As paper pedigrees can be fairly easy to counterfeit, manually tedious and cost-prohibitive, more pedigrees are now being provided by electronic documents called ePedigrees. These must contain a digital signature created via only government-approved technology and verified by an automated system. The digital signature must also follow common PKI (public key infrastructure) practices, including the issuance and management of digital certificates.

The track-and-trace process keeps tabs on the serial numbers, product master data and distribution channel information over the product's lifecycle, Stokes said. Serialized and non-serialized events are managed along with the master data in an open framework to allow internal and external trusted parties access to product identification, status, location and event data at any point in the supply chain.

Serialized tracking and tracing radio frequency identification (RFID) and 2D barcode technology are used to identify an individual bottle of drugs, and trace its entire lifecycle from manufacturing to wholesaling, distribution, retailing and dispensing.

According to Stokes, Axway deploys both types of security processes to ensure the safety of the US$1.3 billion in healthcare transactions a day, that go through the company's business-to-business infrastructure.

RFID's the way
HP's Jayan said deploying RFID and global positioning system (GPS) technologies along the drug supply chain helps to combat counterfeiting. "Ultimately, RFID tags make business sense because they help in tracking the consignment at every stage."

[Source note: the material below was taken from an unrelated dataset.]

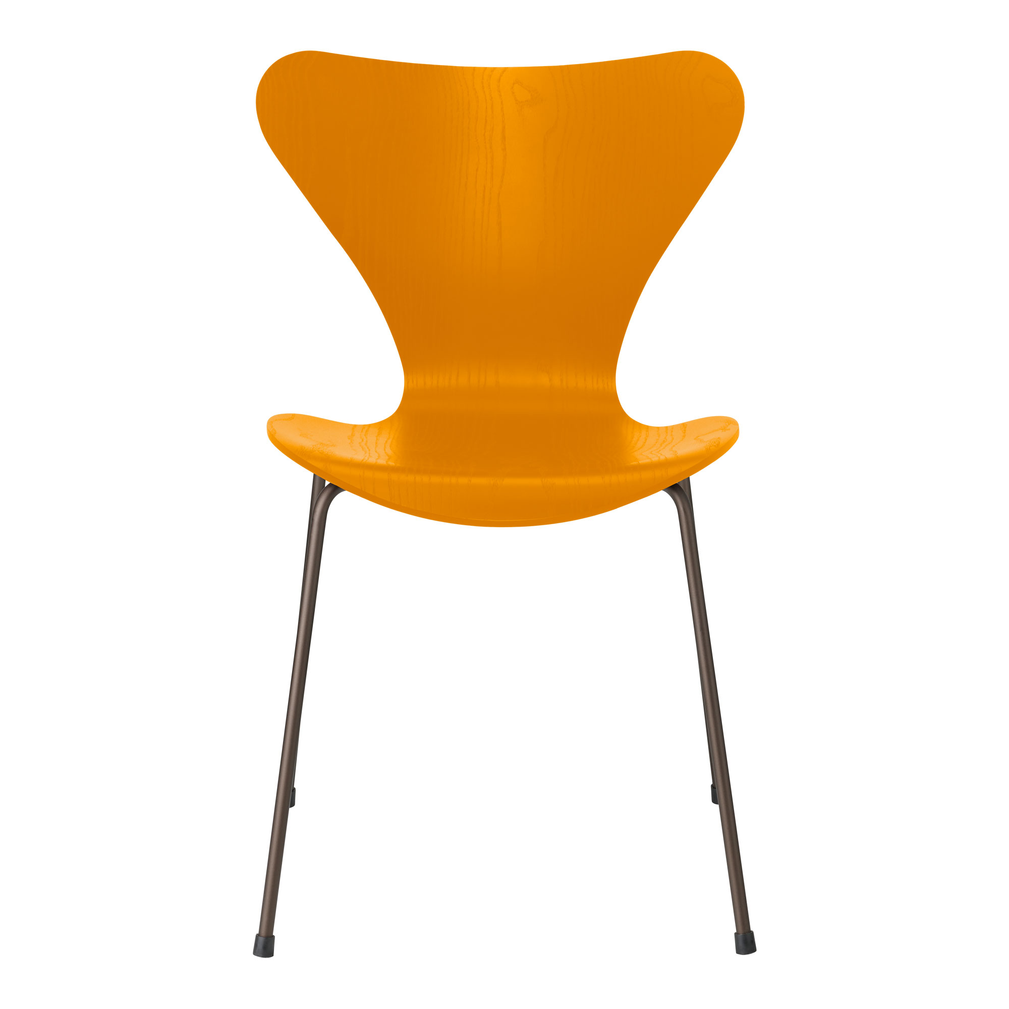 Fritz Hansen - Sjuan 3107 stol färgad askfanér stålstativ brun brons burnt yellow - Matstolar - Arne Jacobsen - Gul - Metall/Trä
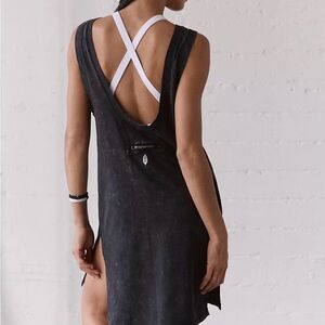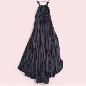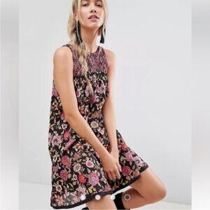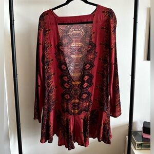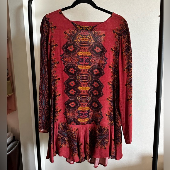 Free People bohemian backless dress in a rich rust color with accents of black, blue and mustard. Features long sleeves, an open back design, pockets (!) and a flared, flowy hem.

Lum Seow Khun, public sector country manager at IBM Singapore, said RFID fulfills the criteria that anti-counterfeiting technology must be cost-effective, adaptable and scalable.

The capacity of RFID tags to contain enough data for the identification of unique items, combined with their ability to layer encryption and additional features, lets companies raise operating efficiencies and decrease labor costs, while simultaneously increasing security levels, said Lum in an e-mail.